At 08:47, our SIEM flagged unusual activity on the customer API – 412 requests in 15 minutes to /v1/users/profile from a single IP. No 429 errors meant rate limits weren't triggered. First thought: "Another marketing team script gone wild."

Reality was worse. The endpoint returned:

  1. Full names
  2. Phone numbers
  3. Password hashes (thankfully bcrypt)
  4. Order history
    1. ...with zero authentication. Just knowing the URL granted access.

      How This Passed Code Review

      Process failures we identified:

      1. Testing: Mock authorization existed but only checked for HTTP 200 status
      2. Documentation: Swagger marked the endpoint as "requires JWT" while the code ignored it
      3. Monitoring: Anomaly alerts for unauthorized requests were only added post-breach
        1. We'd dismissed a similar case in last year's report as "not applicable to our stack."
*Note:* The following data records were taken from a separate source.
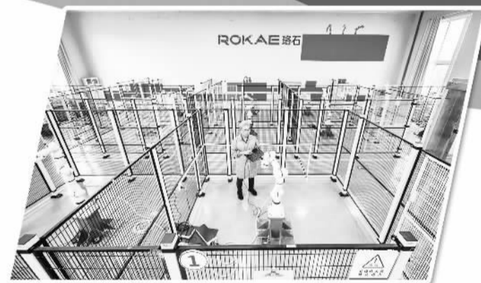
路石机器人测试车间
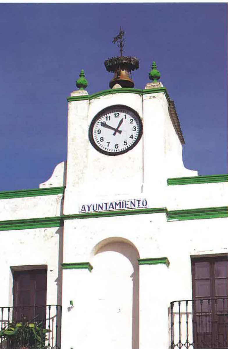
Cañaveral de León.

Durante la década de los setenta, la población de Huelva capital se incrementa en 22.305 habitantes, así en la ciudad vivía hacia 1974 casi el 25% del total de la provincia, 114.239 habitantes. Esto significa un crecimiento importante en relación con épocas anteriores, debido a las nuevas posibilidades económicas de la ciudad y explica también las novedades en el ámbito social. En tanto, como ha recordado Cristóbal García, el Informe del Banco de Bilbao sobre “La renta nacional de España y su distribución provincial” para los años 1971-1973 demuestra que el crecimiento económico en conjunto de la provincia es muy inferior a la media española, un 0,6% frente a un 2,2%, mientras que el aumento de la población ocupacional se mantiene. Además, para el conjunto de la provincia, los ingresos per cápita han crecido en proporción inferior a la media nacional, por ello la situación relativa de Huelva con respecto a otras provincias ha empeorado en este bienio, pasando del lugar 35 que ocupaba en 1971 al lugar 39, en 1973.
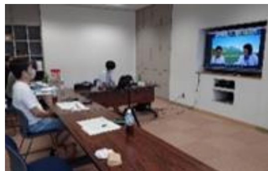
オンライン移住セミナー の様子
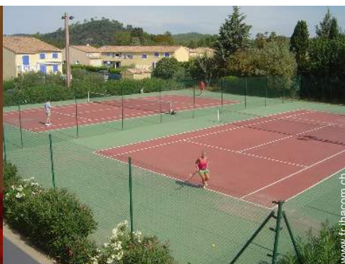
tennis dans la résidence
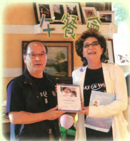
感謝台北南天扶輪社贊助活動經費。
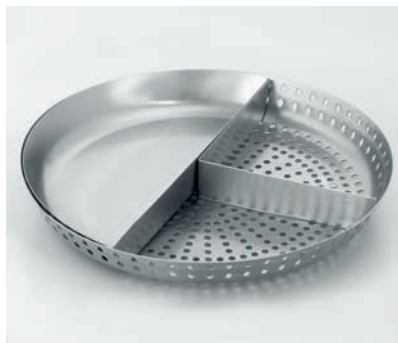
Dampfgareinsatz für GKST 75 Z2 Vital
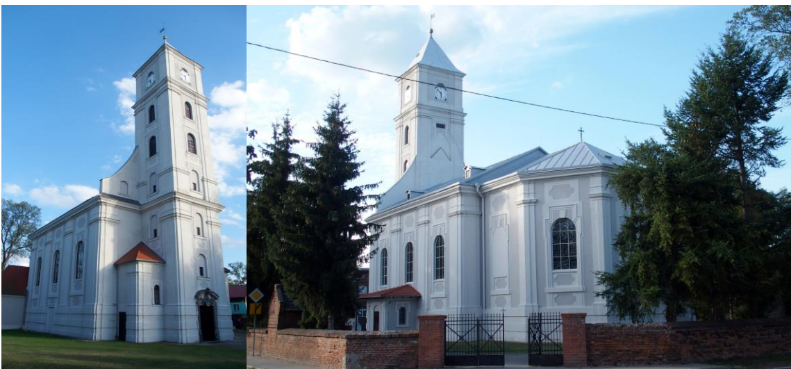
Zdjęcia nr 10, 11. Kościół pw. św. Małgorzaty w Gajkowie
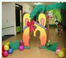
... todos curtiram a festa da Páscoa...
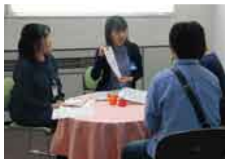
子育ての専門家があらゆる相談に対応

10月に保健センター4階に開設し、妊娠、出産から育児、就学など18歳までの子育ての相談にワンストップで対応しています。妊娠届出時の面接や来所・電話などの相談に応じ、11月20日現在、妊娠届を128件受理し妊娠中からの支援が必要と
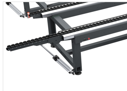
Table à rouleaux

Module Bench peut s'étendre de 1 300 mm à 2 500 mm et peut être réglé dans n'importe quelle position au moyen d'un levier de serrage, ce qui lui confère une grande polyvalence. Il est également possible de positionner manuellement la traverse centrale pour l'usinage de petits cadres.

          Remediation Steps

          Beyond the obvious (hotfix, API audit, user notifications):

          • Implemented mandatory auth checks via pre-commit hooks
          • Added SIEM rules for authorized/unauthorized request ratios
          • Filed a CVE (yes, we're angry) against the framework that silently swallowed JWT errors
            • And yes, marketing finally got their dedicated endpoint with restricted data. After three attempts to explain that "we need everything" isn't a security rationale.